Kroger Closing More Stores Due To Seattle’s Mandated ‘Hazard Pay’ For Workers

Kroger Closing More Stores Due To Seattle’s Mandated ‘Hazard Pay’ For Workers

Kroger, the largest grocery chain in the United States, is closing two stores in Seattle, Washington due to the city’s mandated hazard pay for workers.

Seattle recently joined several other West Coast cities in passing hazard-pay laws that require grocery stores to pay workers an extra $4 an hour, even though there hasn’t been any indication that the coronavirus has swept through grocery stores despite remaining open throughout the pandemic. CNN reported that Seattle’s hazard pay law relates to grocery stores over 85,000 square feet, which are required to pay workers the additional sum per hour.

The two stores being closed are part of Kroger’s QFC brand, which the company said will close in April.

“Unfortunately, Seattle City Council didn’t consider that grocery stores — even in a pandemic — operate on razor-thin profit margins in a very competitive landscape,” QFC said in a press release this week.
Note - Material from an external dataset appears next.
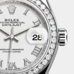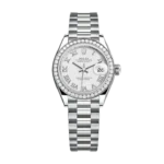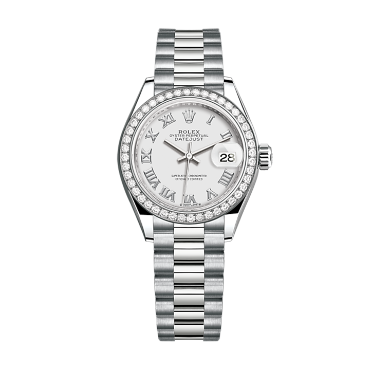 The light reflections on the case sides and lugs highlight the elegant profile of the 28 mm Oyster case, which is fitted with a diamond-set bezel. Rolex’s classic feminine watch, the Lady-Datejust is in the lineage of the Datejust, the emblematic model that has been a byword for style and accurate timekeeping.

A spokesperson for the grocery chain told Business Journal that the two stores to be closed “were already struggling and the Seattle City Council decision made it impossible for us to run a financially sustainable business.”

As CNN reported, Kroger offered its employees an extra $2 an hour when the pandemic first started, but ended that program in May 2020.

Earlier this month two grocery groups – the Northwest Grocery Association and the Washington Food Industry Association – sued Seattle, alleging the hazard-pay law broke the law by targeting large employers. In the lawsuit, the groups note that grocery stores were already providing “appreciation pay,” “hero bonuses,” and “thank you pay,” as well as implementing numerous health and safety measures to protect workers, yet Seattle City Council members still suggested they weren’t doing enough.

“By design, the Ordinance picks winners and losers,” the lawsuit says. “It singles out large grocery companies with unionized workforces (i.e. [United Commercial Food Workers International] UCFW’s members) without providing any reasonable justification for the exclusion of other employers or frontline retail workers. The Ordinance arbitrarily and improperly targets grocery store businesses in Seattle for disparate treatment while not requiring the same commitments from similarly situated businesses, or conferring any benefits on similarly situated employees. There is no support for any of the City’s statements that the Hazard Pay will protect public health, address economic insecurity, and promote job retention.”

The lawsuit also notes that UCFW sponsored the ordinance.

As The Daily Wire previously reported, Kroger has announced other store closures in California cities after they also passed hazard pay laws.

“As a result of the City of Long Beach’s decision to pass an ordinance mandating Extra Pay for grocery workers, we have made the difficult decision to permanently close long-struggling store locations in Long Beach. This misguided action by the Long Beach City Council oversteps the traditional bargaining process and applies to some, but not all, grocery workers in the city,” Kroger said in a statement at the time.